Segundo o analista Luiz Fernando Gutierrez, da consultoria Safras & Mercado, os sojicultores ainda têm chances de recuperar o tempo perdido, caso o clima melhore em outubro. “Mas se a seca se prolongar, as lavouras estarão em sério risco no próximo ano”, alerta Gutierrez, apontando para uma possível retração na produção caso as condições climáticas não se estabilizem.
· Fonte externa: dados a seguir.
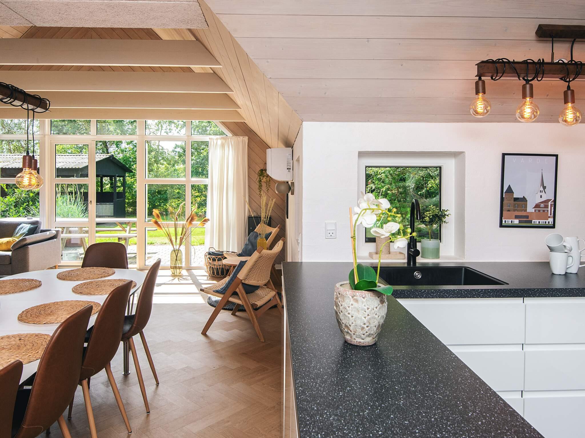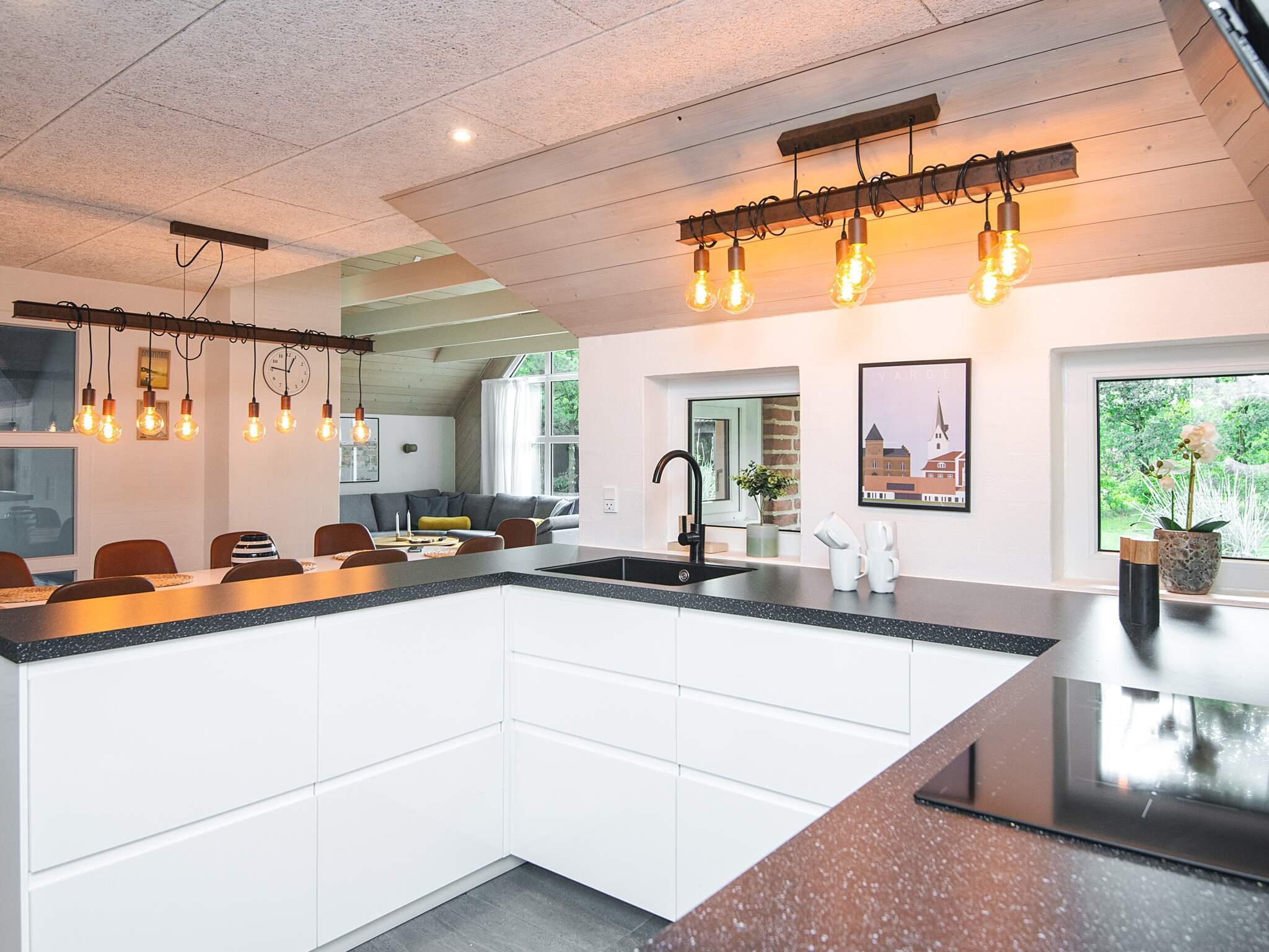 Indenfor skaber et lyst åbent køkken og stue med brændeovn et varmt og indbydende centrum for familielivet. Herfra kan du gå ud til det private poolområde med en 3x6 m opvarmet swimmingpool, spa til fire personer og en afslappende sauna. Huset har fire hyggelige soveværelser, to badeværelser (det ene med gulvvarme) og gennemtænkte faciliteter, herunder vaskemaskine, tørretumbler, barneseng, højstol og Smart Lock-nøgleboks for nem indtjekning.

Mudanças Climáticas e o Agronegócio

O agronegócio brasileiro, embora seja vital para a economia do país, também tem contribuído significativamente para as mudanças climáticas, o que agrava as condições que atualmente assolam o setor. O climatologista Carlos Nobre destaca que o setor agrícola, além de ser o principal emissor de gases de efeito estufa no Brasil, também é um dos mais vulneráveis às consequências das mudanças climáticas. A redução do desmatamento e a adoção de práticas mais sustentáveis são apontadas como soluções urgentes para evitar catástrofes futuras.

Segundo Nobre, as ações humanas estão diretamente relacionadas à intensificação das secas e dos incêndios no Brasil, especialmente na Amazônia e no Cerrado, biomas essenciais para a regulação do clima no país. A prática de queimadas, muitas vezes usada para abrir áreas para cultivo, é uma das principais causas dos incêndios que se espalham pelo território nacional, além de contribuir para a degradação do solo e a perda de biodiversidade.

O impacto das mudanças climáticas no setor agrícola é evidente, com prejuízos bilionários para a economia e para o meio ambiente. Além de comprometer a segurança alimentar global, o aumento das temperaturas e a irregularidade das chuvas representam desafios crescentes para os agricultores, que precisam adaptar suas práticas de cultivo a novas realidades.

Desafios e Medidas

Diante de um cenário tão crítico, os especialistas defendem a necessidade de políticas públicas mais eficazes para combater as mudanças climáticas e proteger o agronegócio brasileiro. O uso de tecnologias para monitoramento climático, a adoção de práticas agrícolas sustentáveis e a preservação dos biomas nacionais são algumas das soluções apontadas como essenciais para mitigar os impactos no setor.

No entanto, os desafios não são apenas climáticos. O mercado agrícola global também enfrenta pressões relacionadas à cadeia de suprimentos e à demanda por alimentos. A adoção de novas tecnologias, como a Inteligência Artificial (IA) e o uso de dados em tempo real para o monitoramento das lavouras, pode ser uma ferramenta essencial para ajudar os agricultores a enfrentar esses desafios.

O futuro da agricultura no Brasil depende da capacidade do setor de se adaptar rapidamente às mudanças climáticas e implementar soluções sustentáveis. Embora a crise atual seja uma das mais graves em décadas, ela também pode ser um ponto de virada para o agronegócio, com a adoção de práticas que não apenas protejam a produção agrícola, mas também contribuam para a preservação do meio ambiente.